> [To do] All that is wanted is the lines from the first line of the listing below through the line containing "- Makovicky, E.", written out exactly with pictures left out.

======

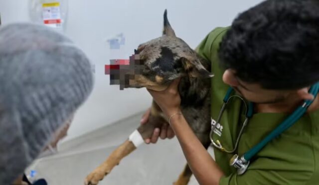 Após ser vítima de maus-tratos, o animal foi levado pelo tutor até a unidade hospitalar. No local, recebeu atendimento de médicos-veterinários, passou por avaliação clínica e está em tratamento intensivo para a recuperação do ferimento.
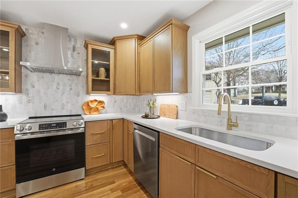 STUNNING REMODEL IN THE HEART OF LEAWOOD! Enjoy the unparalleled lifestyle of Leawood Country Club, offering premier access to championship golf, tennis, swimming and a vibrant social scene just moments from your front door! Welcome to this beautifully reimagined home where thoughtful design meets modern luxury. Soaring vaulted great room steals the show with its dramatic floor-to-ceiling stone fireplace and abundance of natural light, creating a warm yet striking focal point. Entertain with ease in the dream kitchen, designed for gatherings and everyday living alike, offering quartz countertops, center eat-in island, stainless steel appliances including built-in microwave/oven combo and stove with second oven, bar area and pantry with seamless flow to the dining and living areas. Step outside to the expansive composite deck, perfect for relaxing evenings or hosting guests. Main level features two spacious bedrooms, including a serene primary suite complete with a spa-like bath, oversized walk-in closet with convenient washer/dryer hookups for true main-level living. Full, finished walk-out lower level expands the living space with a huge family room, wet bar, two additional bedrooms, third full bath and a second laundry area, making it ideal for guests, multi-generational living or added convenience. Tons of built-in storage spaces to keep life organized! Fantastic location close to dining, shopping, parks and activities. This exceptional renovation blends style, comfort and functionality in one of Leawood’s most desirable locations—truly a must-see! WELCOME HOME!!!
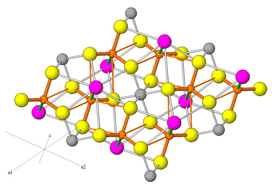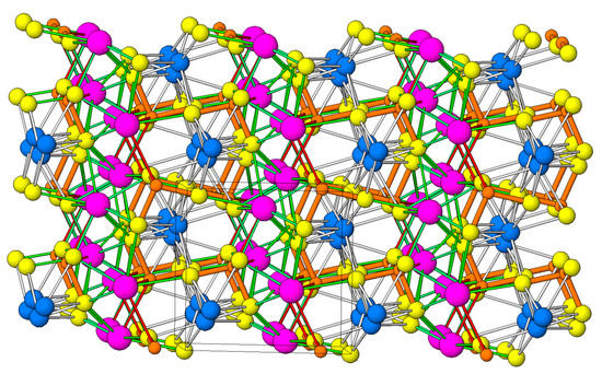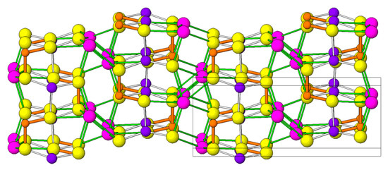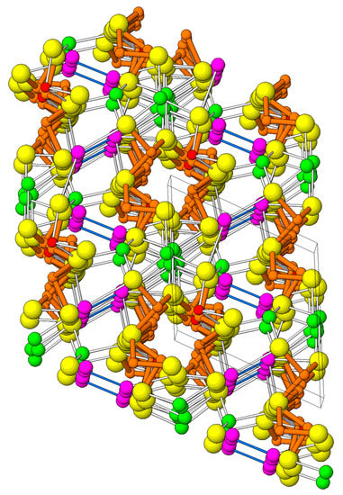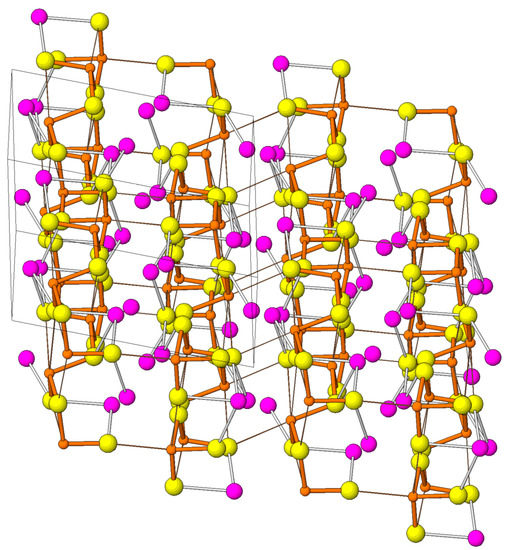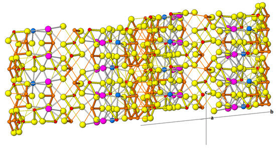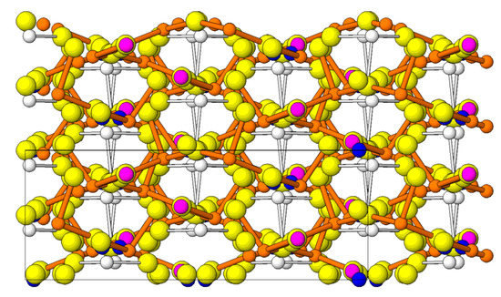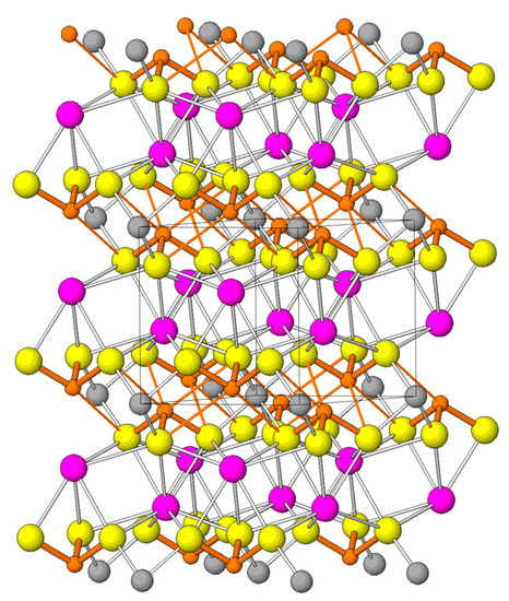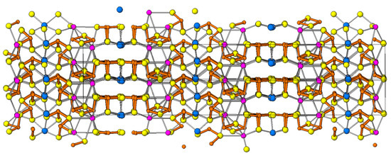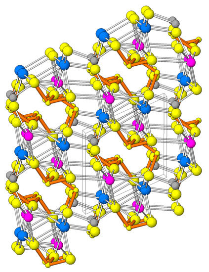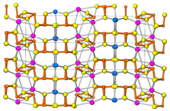 - Makovicky, E. Cyclically twinned sulphosalt structures and their approximate analogues. Z. Kristallogr. 1985, 173, 1–23. [Google Scholar] [CrossRef]
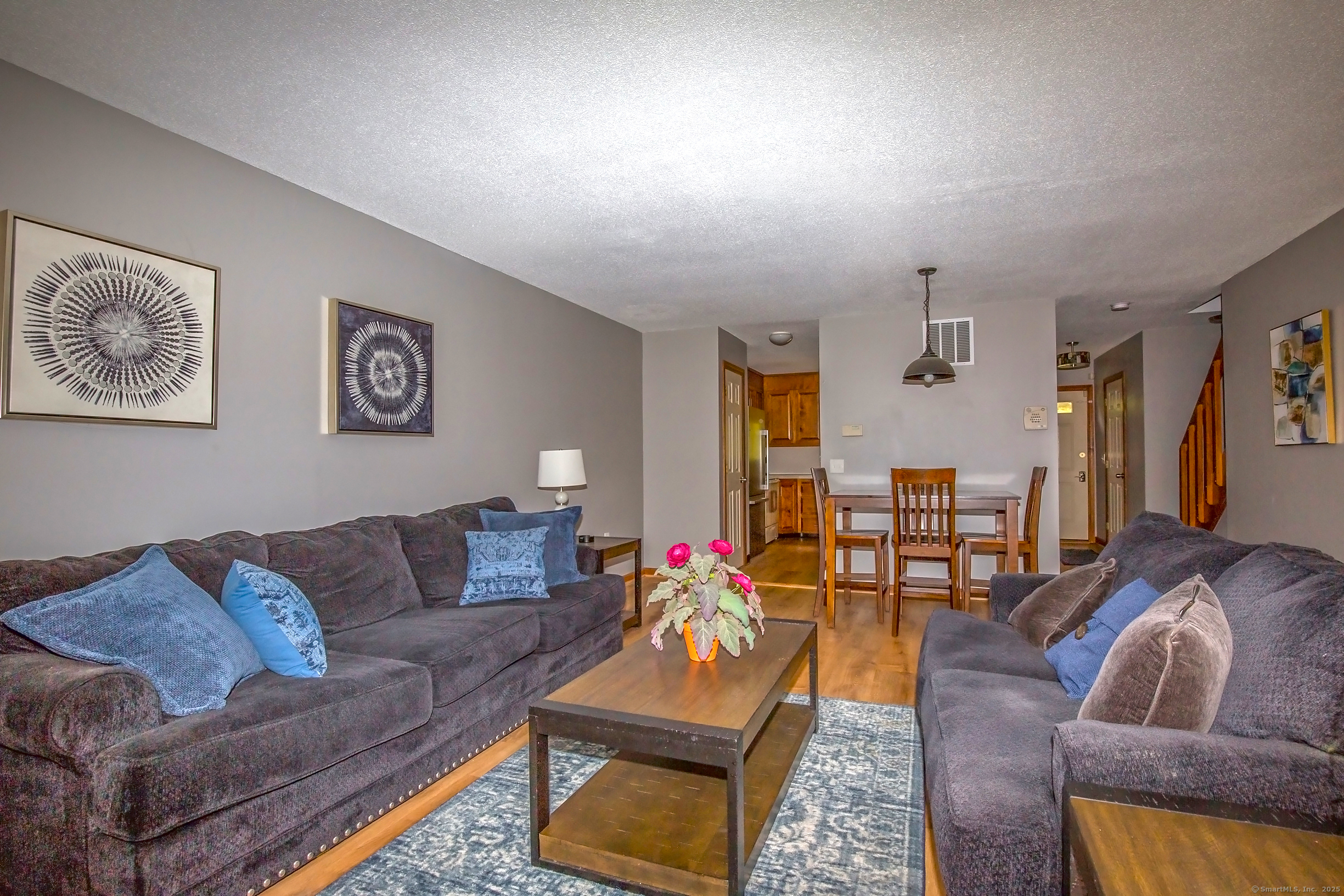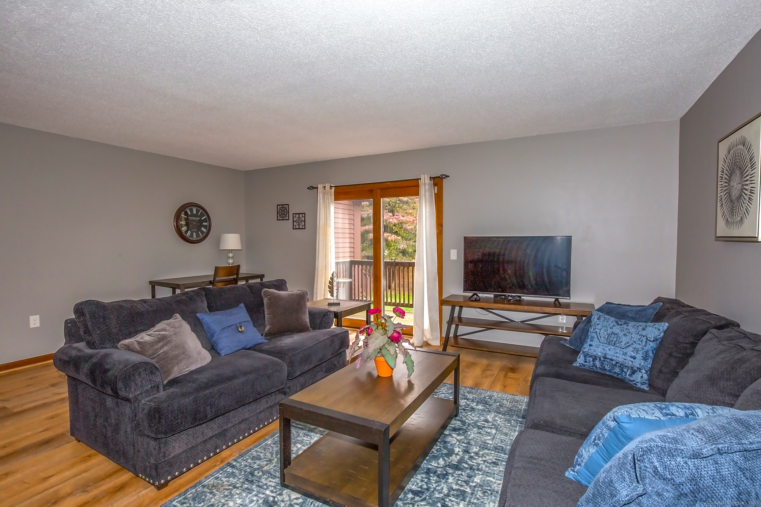 SUPER CONDO in much sought after CANDLEWOOD VILLAGE. Townhouse style unit with two large sized bedrooms and 2.5 Baths! Bright, open living room / dining area overlooks private DECK through FRENCH DOORS. The fully applianced kitchen is large enough for a small table and there is a pantry for extra storage! The primary bedroom offers double closets and a private full bath with a walk-in shower. The second floor also offers a second bedroom and a second full bath. Other special features include: a newer A/C unit, Newer flooring on the first floor, GAS Heat, a large basement area perfect for play, storage or possible additional living space! Outside you have your very own 1 car GARAGE with room for parking in front along with other designated parking for your visitors. Minutes from Highways, Shopping and restaurants --- this professionally managed complex a perfect place to call HOME! NOTE: Furnishings are negotiable. Pool table to be removed prior to closing.
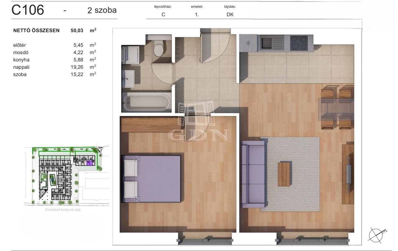 Квартира (кирпичная) Продается Budapest XIV. mикрорайон - Erzsébet Residence C106
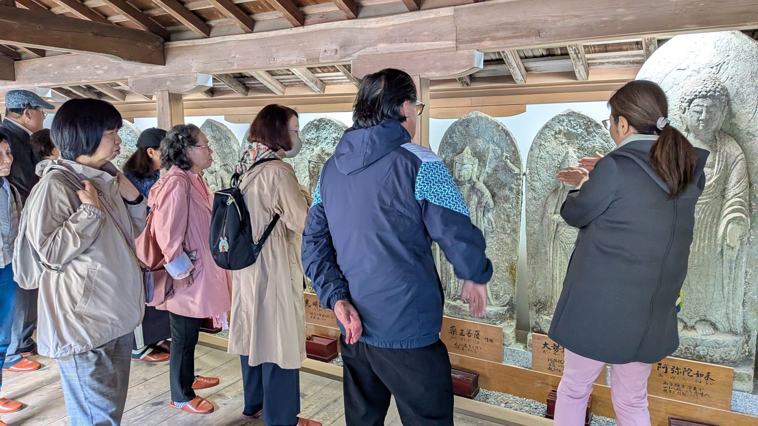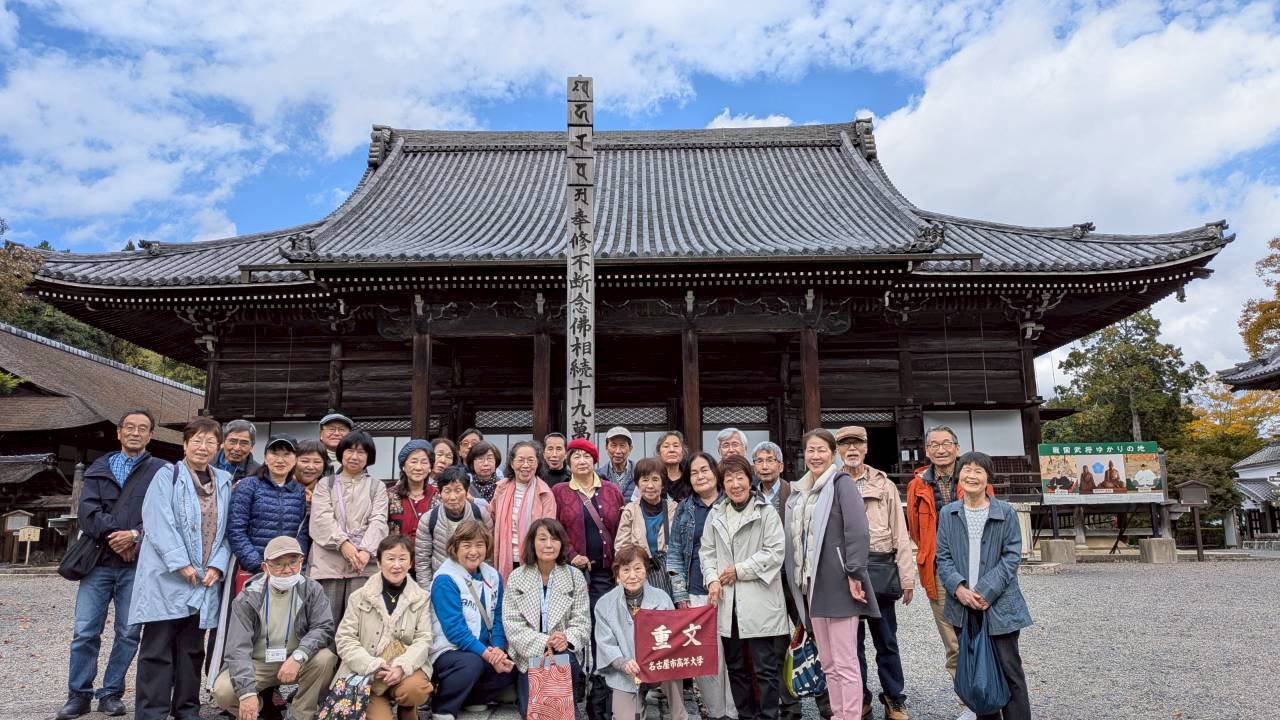 重要文化財宝庫の三井寺を後にし、一路西教寺へと向かいます。沢山の情報を耳にし、目にしながら歩き廻り、お腹も空いてきました。総門前で写真を撮り、行く先は「菊御前」が待っている食堂へ昼食後、本堂前にて集合写真を撮りその後お寺のお坊さんによる拝観案内が鐘楼から始まり、本堂で西教寺の歴史の一端を聞き、その後数々の文化財の説明と内容の濃い拝観ができました。西教寺は明智光秀との関りが深く貴重な文化財もあり大本坊庭園は比叡山と西教寺との位置関係や琵琶湖を模した池などもありとても見応えがありました。屋根瓦には身代わりの手白猿の猿瓦や笏谷石(しゃくだにいし)の阿弥陀二十五菩薩石仏なども目を見張りました。

======

> [Problem solution]
 Após ser vítima de maus-tratos, o animal foi levado pelo tutor até a unidade hospitalar. No local, recebeu atendimento de médicos-veterinários, passou por avaliação clínica e está em tratamento intensivo para a recuperação do ferimento.
 STUNNING REMODEL IN THE HEART OF LEAWOOD! Enjoy the unparalleled lifestyle of Leawood Country Club, offering premier access to championship golf, tennis, swimming and a vibrant social scene just moments from your front door! Welcome to this beautifully reimagined home where thoughtful design meets modern luxury. Soaring vaulted great room steals the show with its dramatic floor-to-ceiling stone fireplace and abundance of natural light, creating a warm yet striking focal point. Entertain with ease in the dream kitchen, designed for gatherings and everyday living alike, offering quartz countertops, center eat-in island, stainless steel appliances including built-in microwave/oven combo and stove with second oven, bar area and pantry with seamless flow to the dining and living areas. Step outside to the expansive composite deck, perfect for relaxing evenings or hosting guests. Main level features two spacious bedrooms, including a serene primary suite complete with a spa-like bath, oversized walk-in closet with convenient washer/dryer hookups for true main-level living. Full, finished walk-out lower level expands the living space with a huge family room, wet bar, two additional bedrooms, third full bath and a second laundry area, making it ideal for guests, multi-generational living or added convenience. Tons of built-in storage spaces to keep life organized! Fantastic location close to dining, shopping, parks and activities. This exceptional renovation blends style, comfort and functionality in one of Leawood’s most desirable locations—truly a must-see! WELCOME HOME!!!
 - Makovicky, E. Cyclically twinned sulphosalt structures and their approximate analogues. Z. Kristallogr. 1985, 173, 1–23. [Google Scholar] [CrossRef]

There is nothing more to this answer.